Together they decided to set up a nongovernmental organization, Civilians in Captivity, to raise awareness about the missing people and pressure the Ukrainian authorities to do everything possible to return them.

From different people, who have been brought back so far, she learned about her father's destiny.

"Some men saw him in four different colonies in Russia where they were taken by trucks from Ukraine through the occupied Donetsk region," Yulia said. And in each place Serhiy apparently faced so-called "reception."

"On the first day the person is admitted to a prison, they are being beaten and tortured for like 24 hours, as I was told," she said. "The Russians use electric shocks, make people crawl on their knees and elbows, break their ribs, etc."

Ukrainian ombudsman Dmytro Lubinets added that during months of captivity in Russian prisons, some people have lost weight and suffered from a number of illnesses.

"One of those who we managed to return lost 77 kilograms in 5 months," Lubinets said during the international human rights conference in late December 2023.

PHOTO: Hadi Nasser Al-Hajri (C-R), Qatari ambassador to Ukraine, and Ukrainian Human Rights Commissioner Dmytro Lubinets (C-L) walk past Ukrainian border guards standing at the border of Ukraine and Belarus, on Feb. 20, 2024.
Hadi Nasser Al-Hajri (C-R), Qatari ambassador to Ukraine, and Ukrainian Human Rights Commissioner Dmytro Lubinets (C-L) walk past Ukrainian border guards standing at the border of Ukraine and Belarus before the arrival of Ukrainian children in the Volyn region, on Feb. 20, 2024.
Roman Pilipey/AFP via Getty Images

The total number of Ukrainian civilians captured during the two years of invasion is a ballpark figure since Russia doesn't provide any details, but Lubinets said it's estimated that there are more than 25,000 people who've been captured.

Yulia Khrypun's NGO has worked with about 400 families who have been searching for their relatives and demanding they be exchanged.

The swaps of civilians are not regulated by international humanitarian law and the Geneva Conventions generally prohibit the capture of noncombatants.

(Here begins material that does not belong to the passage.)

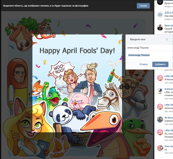Проще говоря, кнопку, которая появляется на вашей странице, просто напросто вставили в другое место с чужим фото, и что самое интересное, защиты от этого никакой нет и это сработало! Сейчас вы лицезреете пост Павла Дурова, на котором я могу отмечать кого угодно!

In Ukraine, there is still no separate institution for treating such cases, they are all part of the work of the coordination headquarters for the treatment of the prisoners of war.

"The very fact that civilians are being returned as part of the POWs swaps, and that these swaps take place during the actual fighting is a big achievement," Vitaliy Matvienko, a representative of the headquarters, told ABC News. "Every time it is a separate operation in an unpredictable environment. The names of people who are working on it are kept secret."

The Ukrainian authorities have not disclosed many details about this process, due to the sensitivity of the issue.

Yulia Khrypun said she hopes she gets a call from her farther every time she hears a prisoner swap is happening.

"And when I don't get it it's the worst feeling ever," she said.

To support both hope and mental health she went to a therapist and began to play sports.

"I keep waiting for my dad. I know it will be still hard after he returns, there will be a bunch of other problems," she said. "But I keep going and sometimes my hope even helps me keep smiling."